Fascinating. By default, though, this seems like it would just result in low contrast and difficulty reading, unless turned to opaque mode.
The thing I'd love to see, which to the best of my knowledge isn't possible with normal HDMI/DP/etc, is an opaque monitor that allows rendering an alpha channel as actual transparency. That would allow things like setting your desktop background to transparent, so that when you have one non-fullscreen window, the rest of the screen is transparent.
Are there any display technologies or protocols for sending RGBA to a monitor, and letting the monitor handle the alpha?
That could be made to work by stacking a transparent OLED panel in front of a transparent LCD panel. The LCD would absorb light, and the OLED would emit light.
I just tried to search for some examples, but I can't find any. Maybe the displays can't be made thin enough to eliminate parallax between the two images?

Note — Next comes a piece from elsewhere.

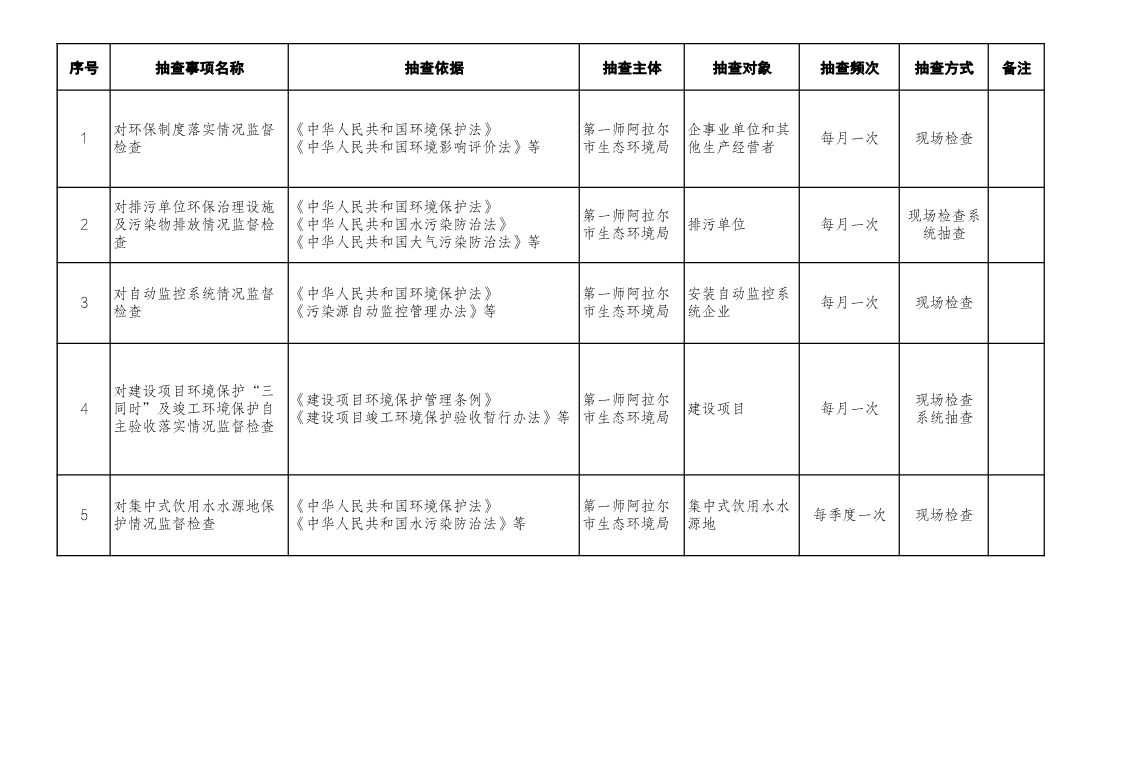 第一师阿拉尔市生态环境局随机抽查事项清单

I mean you could always tag transparency as extra bits. Presumably both sides of the link would need to understand this. So you'd send an 8bpc signal as idk 10, which gets you 6bpc of transparency. Or you run a faster framerate where 1 in every N frames is a transparency. It could work.
The thing I'd love to see, which to the best of my knowledge isn't possible with normal HDMI/DP/etc, is an opaque monitor that allows rendering an alpha channel as actual transparency. That would allow things like setting your desktop background to transparent, so that when you have one non-fullscreen window, the rest of the screen is transparent.
Are there any display technologies or protocols for sending RGBA to a monitor, and letting the monitor handle the alpha?